Говорили еще, да что там говорили, ссылались на самые высокие авторитеты, будто при помощи этих, новых лучей будет окончательно решена проблема освещения городских улиц и площадей. Днем и ночью, без малейших затрат на возведение каких-либо столбов, без натянутых между ними металлических проводов, на улицах можно будет читать.
Да что там «читать», захлебывались третьи. Это сущие пустяки, эта возможность читать. Читать можно и дома, сидя за столом. Посредством этих лучей удастся вбивать в головы то, что содержится в книгах. Стоит лишь осветить прибором текст, затем медленно перевести поток лучей на голову ученика, и никакая сила уже не выцарапает из его черепа упакованных туда знаний…
– И это все пустяки, – кричали четвертые. – Что знания? Конечно, они важны, но самое важное здесь заключается в том, что при помощи этих, воистину сказочных лучей, оживляют даже давно умерших!

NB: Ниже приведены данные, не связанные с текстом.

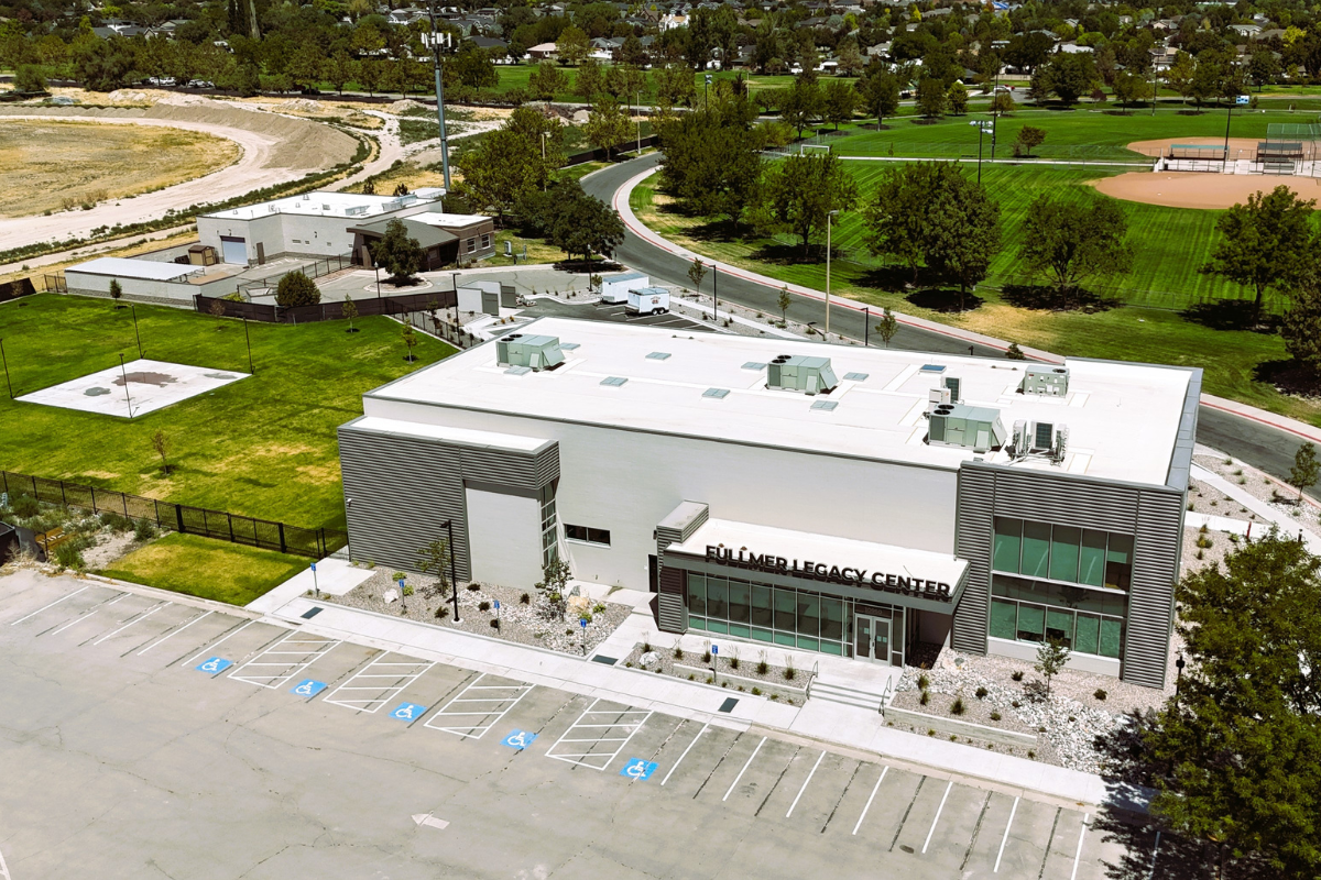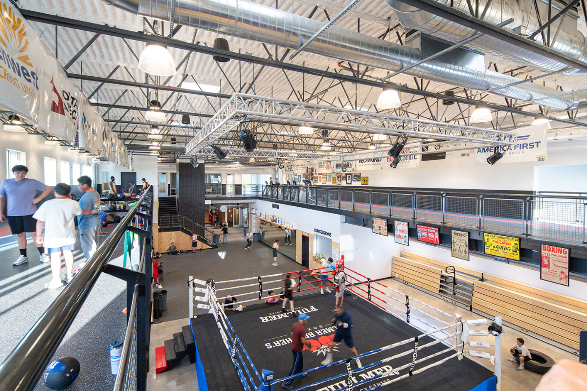 The Fullmer Legacy Center is a 16,500 SF boxing training and community facility in South Jordan, Utah. The Fullmer Legacy Foundation created the center to honor Gene, Don, and Jay Fullmer while empowering the next generation of boxers. The building brings together a full-size boxing ring and arena with mezzanine seating for events, extensive training zones with heavy bags, speed bags, and simulator stations, and an outdoor boxing ring and event terrace that extend programming into the surrounding sports park.

Находились, правда, и такие, которые откровенно пугались диковинного новшества: а как теперь будет со свободой мысли? При помощи этих лучей можно прочитать любую тайну, заложенную кому-нибудь в голову.
Как быть теперь дипломатам, которые говорят одно, а думают совершенно другое?
– Не так уж это и плохо, – возражали подобного рода пессимистам. – Уменьшится количество преступников, потому что никому теперь утаить своих скверных замыслов. А со временем, значит, отпадет и потребность в какой-то охране.
– Опять же беда! – сокрушались еще какие-то люди. – Да ведь теперь этак любой хулиган получит возможность рассматривать порядочную матрону, вплоть до самого распоследнего шва, затаенного в ее дорогостоящем наряде. Это все означает настоящую гибель нравственности. До чего мы дожили? Гвалт!
Но и для таких печальных умозаключений отыскивались утешительные альтернативы: мир не без добрых людей. Газеты сообщают о появлении фирм, которые позаботились о своих потенциальных клиентах: эти фирмы изобрели и сумели даже выпустить специально устроенные сумки, портфели, чемоданы, которые не пропускают сквозь себя никакого свечения. Что ты там несешь, какие документы, какие деньги или драгоценности, – никому ничего не узнать.
А если уж кому-нибудь и хочется почувствовать себя в постоянной безопасности, – то для подобных сибаритов выпущено специальное белье. Облачишься в такую обновку – и ступай, куда тебе только заблагорассудится, никто из посторонних ни за что не увидит, какой, по правде говоря, у тебя рубец на груди или еще там что-нибудь в этом роде.
Это были слухи, которыми жили все обыватели.
* * *
А между тем, в течение одного только 1896 года, о нашумевшем открытии вышло из печати целых сорок девять книг и более тысячи различного рода статей. Об этих лучах повсеместно читали публичные лекции. Их сразу же приняли на вооружение крупнейшие медицинские клиники.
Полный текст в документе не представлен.